Вчера с Лёлей <сыном, Л.Л. Толстым> было небольшое столкновение. В день нашего приезда утром он не пошёл в гимназию, сказав с вечера Власу, что он, может быть, не пойдёт. Потом он Madame сказал, что у него живот болел. Она не поверила и не подписала в книге. Он просил меня; я говорю, что лгать не могу, я не знаю, болел ли у него живот, когда я была в Ясной. Лёля начал приставать, пробовал упрашивать, но я не согласилась. Тем и кончилось. Серёжа второй день всё пропадает с утра; говорит, что был в <университетской> лаборатории. Илья очень мил и имеет свежий вид. Маша приходит в аккуратность и готовится хорошо учиться. Все прежние учительницы уже приходили и ужасались тому, что она забыла. Малыши шумят и надоедают, потому что ещё не установилась жизнь; только Саша кротко и счастливо улыбается и никогда её не слыхать; а когда слышно, то только жалко. Она не гуляла нынче; её простудили, такой сильный у неё насморк.
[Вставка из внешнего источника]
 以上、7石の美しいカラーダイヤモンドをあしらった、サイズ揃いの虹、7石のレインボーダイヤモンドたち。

Сейчас получила твоё второе, хорошее письмо. Я тебе упрекаю, что ты физическим трудом слишком занят, а ты как раз обратно, слишком много умственно занят. Главное, милый друг, береги себя всячески; чтоб я была довольна, надо только одно — чтоб ты был счастлив, здоров и не измучен. Для этого я и здесь ломаю голову беспрестанно, чтоб так устроить жизнь, как легче всего было бы тебе её выносить в Москве. Едва ли я это сумею; а как бы желала!
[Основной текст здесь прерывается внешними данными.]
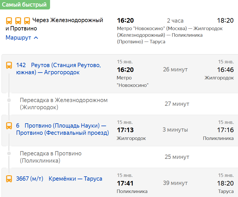 Как ни парадоксально, но наиболее быстрым по времени считается маршрут с двумя пересадками в Железнодорожном и Протвино. Поездка занимает всего два часа.
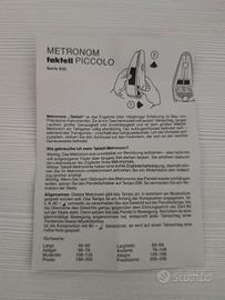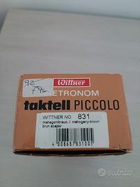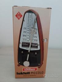 Vendo metronomo meccanico Wittner Taktell Piccolo originale “Made in W-Germany” Funzionante al 100%, mantiene il tempo perfetto da 40 a 208 BPM. Meccanismo a molla, nessuna pila necessaria. Suono classico Wittner. Il dispositivo è compatto, con dimensioni approssimative di 70 x 45 x 150 mm. Condizioni estetiche eccellenti, completo di scatola originale. La serie W-Germany è la più ricercata da musicisti per qualità costruttiva superiore. Ideale per pianoforte, violino, chitarra, batteria. Acquistato in negozio di articoli musicali con prezzo ancora su scatola originale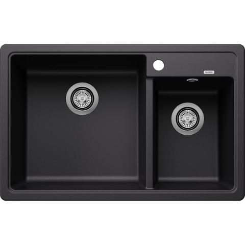 BLANCO LEGRA 8 fekete exc.n. Klasszikus vonalak modern funkcionalitással ötvözve. Tágas hely két medencével. A két medence kényelmesen, párhuzamosan használható. Időtlen dizájn modern konyhákhoz. Lefolyógarnitúra helytakarékos csővel, 2 x 3 1/2“-os sz

О делах что же я могу думать, ты всё сам ведь знаешь. Денег в банке 3300 р. с.; у меня 700, которые тают не по дням, а по часам в Москве. […]

Насчёт <приказчика в Ясной Поляне> Митрофана, по-моему, дело не наше. Возьмёшь другого, почему же ты думаешь, что и другой не отобьёт ещё десять чужих жен? Вопрос в том, делает ли он своё дело хорошо, а не в том, кто с кем живёт; в этом ни за кого в мире нельзя ручаться. Не менять же прикащиков по мере их отношений к женщинам.

Ты мне писал, чтоб я точнее всё писала; а я час пишу это письмо, и меня десять раз оторвали, я не только не могу сосредоточиться, но просто дописать не могу. Я это не от своей суеты, а от окружающей.

[…]

Прощай, милый друг, целую тебя; я вдруг себе ясно тебя представила, и во мне такой вдруг наплыв нежности к тебе. Такое в тебе что-то есть умное, доброе, наивное и упорное, и всё освещено только тебе одному свойственным светом нежного участия ко всем и взглядом прямо в душу людям.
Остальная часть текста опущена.